Een makkelijk leesbaar boek waarin de auteur uitlegt hoe de wetenschap baat zou kunnen en moeten hebben van de nieuwe mogelijkheden tot samenwerking. Maar ruim 10 jaar later lijkt er nog (te) weinig voortgang geboekt. Wie weet volgt het de ketchup-theorie (van Ruud van Nistelrooij).

Online tools amplify collective intelligence: they can bring the attention of the right expert to the right problem at the right time (designed serendipity).

When we attempt to solve a hard creative problem on our own, most of our ideas go nowhere. But in a good creative collaboration, some of our ideas – ideas we couldn’t have taken any further on our own – stimulate other people to come up with daughter ideas of their own. Those, in turn, stimulate other people to come up with still more ideas. And so on.

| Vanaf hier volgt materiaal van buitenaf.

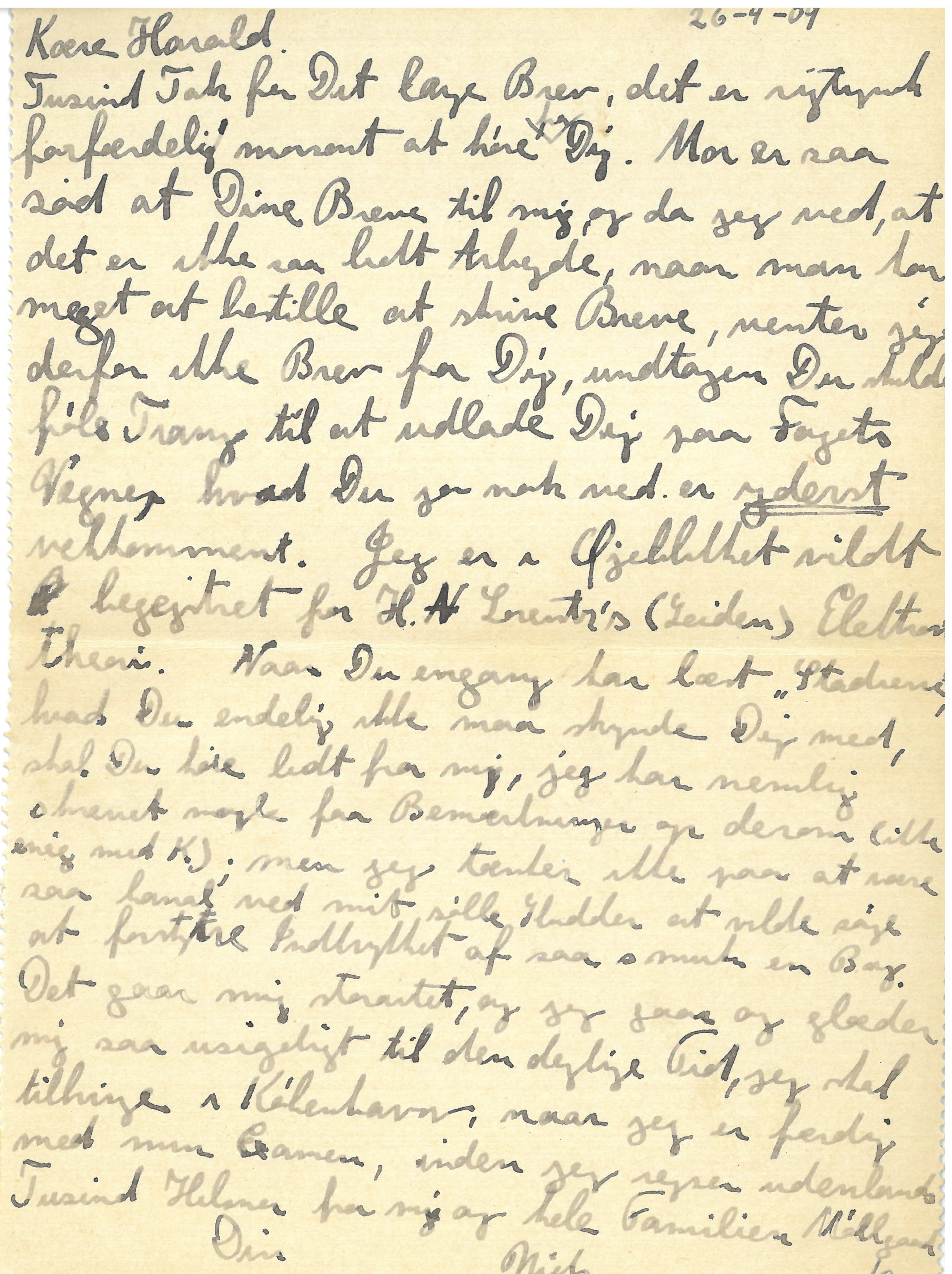 A thousand thanks for your long letter, it really is terribly pleasing to hear from you. Ma has been so sweet as to all your letters to me and as I know that it’s no mean feat, when you’re so busy, to write letters I therefore have not been expecting letters from you, unless you felt the need to discharge in your professional capacity, which as you know you are always very welcome to. At the moment I am very taken with H.A. Lorentz’s (Leiden) theory of electrons. When you’re finished with “Stages” and you must not hurry yourself, you will hear from me, for I have written up some comments on it (I disagree with K); but I wouldn’t think of being so banal as to let my poor nonsense sully your impression of so fine a book.

There are two reasons why online collaboration works well, where a committee would not. First, committees are often made up people who’ve been dragooned to sit in them, while collaborations are filled with enthusiastic volunteers. Second, while a committee can be greatly slowed down by a few obstructive members, online collaboration can often ignore those people.

Today, a great programmer isn’t just someone who can quickly solve a problem from scratch, but someone who is also a master of the information commons.

Historically, observation and analysis have been yoked together; the person who did the experiment was also the person who analyzed the data, but this is changing.

The compelling, addictive qualities all good computer games have: a task that’s challenging but not impossible, instant feedback on how well you’re doing, and the sense that you’re always just one step away from improvement.

It’s a symbiosis: the professionals develop the systematic understanding that underlies the mechanics of the game, and the amateurs then supply the dedicated artistry required to take best advantage of that systematic understanding.

Someone who believes ‘everyone should do this’, e.g., open science or switching sides of the road, doesn’t necessarily also believe ‘I should do this, even if no one else does’.